Project
This summer the project is developing a userland driver for ipp class usb devices. At the most basic level this involves proxying http between usb bulk transfers and tcp. For the real world we also need the usb subsystem to auto-start us and to notify the spooler of the new printer.
I have taken the liberty of naming said new driver ippusbd. My high-level design goals are, in order of importance from most important to least:
- Low idle resource usage
- security over the usb interface
- Portability to non-Linux Unixes
Linux’s udev can handle the auto-start. Libusb gives us userland access to the usb device. Till should know how linux’s cups auto-discovery will work. The usb standard itself is well written and I enjoyed reading it.
Timeline
In theory Google Summer of Code does not start for another 20 some days. This official timeline is driven by the american university’s semester dates. In Canada our universities let out almost a month earlier. Thus I’m taking the extra month to work ahead.

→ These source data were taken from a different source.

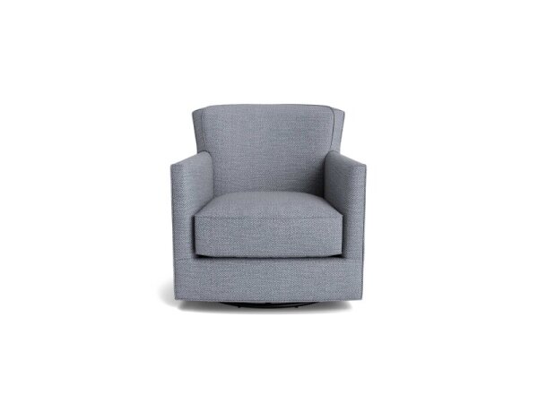 Fabric swivel accent chair with thin track arms, a plush box seat, and padded back for everyday comfort; 35.5 in. H x 30 in. W x 33 in. D.
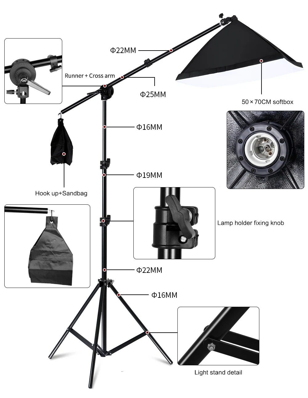 1x50 см * 70 см держатель одной лампы Мягкая коробка1 x Светодиодная лампа 1 x стрела (доставка из Китая, Российской Федерации длина 53 см-133 см.Доставка из Германии, Испании, Израиля Длина 75-135 см)1 x рукоятка1 х песочницаСветильник-подставка 1x200 см
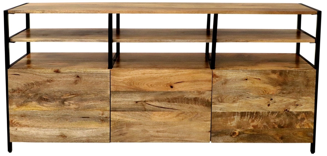 Tento jedinečný TV stolík masív kov a dreva mango je originálnym doplnkom do každého obývacej izby. S rozmermi 160 cm na šírku, 45 cm na hĺbku a 75 cm na výšku, ponúka dostatok priestoru pre vašu elektroniku a ďalšie doplnky. Stolec je zhotovený z kvalitného mangového dreva, známeho pre svoju odolnosť a elegantný vzhľad. Kovová konštrukcia pridáva stolcu robustnosť a moderný industriálny štýl, ktorý skvele doplní interiér v štýle indického nábytku.

I hope to have ippusbd printing by the mid-summer review. The summer’s second half can then get spent polishing and porting ippusbd to the BSDes.
Workstation
This summer I’m trying out a standing desk setup. I’ve borrowed my sister’s room while she is in germany so I get a work room. My hope is having a separate room will let me focus better. When I was at microsoft getting things done was easy since the office created a physical seperation between play time and work time, this might replicate that.
The setup consists of two laptops, a Lenovo Thinkpad X1 Carbon, and a Lenovo Ideapad Yoga 2. The Yoga has a touch screen and the X1 gets the full keyboard and mouse. Together they create something like the multimonitor setup I have downstairs.